Cut-Dump-Burn for me


----------



## glenc0322 (Mar 9, 2013)

Just pour them in the hooper and burn away


----------



## skibladerj (Mar 9, 2013)

gfreek said:


> For me it cuts down on the dust as I pour into the hopper. That way I don't have to hear "where is the dust coming from"'?? And less times I have to clean the 'fines box' on my Harman...some brands have more fines than others



I don't have a Harman but I agree! less dust makes the wife happy, which in turn makes my life happier!


----------



## smoke show (Mar 9, 2013)

glenc0322 said:


> hooper


You must have attended the SmokeyTheBear school of spelling.


----------



## tonyd (Mar 9, 2013)

Walk outside and pour them into a bucket from the bag. With a breeze, the fines will head east and the pellets will fall into the bucket. Come back in and fill the hopper. I use to do it with my leaf blower as I dumped, but now I just pour.


----------



## glenc0322 (Mar 9, 2013)

smoke show said:


> You must have attended the SmokeyTheBear school of spelling.

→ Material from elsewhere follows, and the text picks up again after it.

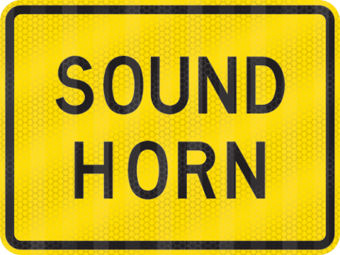 91-536-DimsAlum. Sign - "SOUND HORN" text only, Yel/Blk, HIP

Lol using my phone and the stupid swype


----------



## Utilitrack (Mar 9, 2013)

whlago said:


> X2


X11


----------



## movemaine (Mar 9, 2013)

depends on your stove...some of us dump them in and never look back - but that's because our stoves will never clog because of them.


----------



## St_Earl (Mar 10, 2013)

you can also just let the hopper run empty every so often and vacuum out the auger channel.
i don't do this. but it is an option if they cause problems for you.

i have started noticing this year that if i always keep the hopper full, the fines start to concentrate from successive bags.
i have not really measured it. but i've started letting the hopper run low more often so the fines form a period of time run through before i start keeping things topped off. 

i'm four tons in this year and no problems so far.


----------



## Jack Morrissey (Mar 10, 2013)

Utilitrack said:


> X11


x12


----------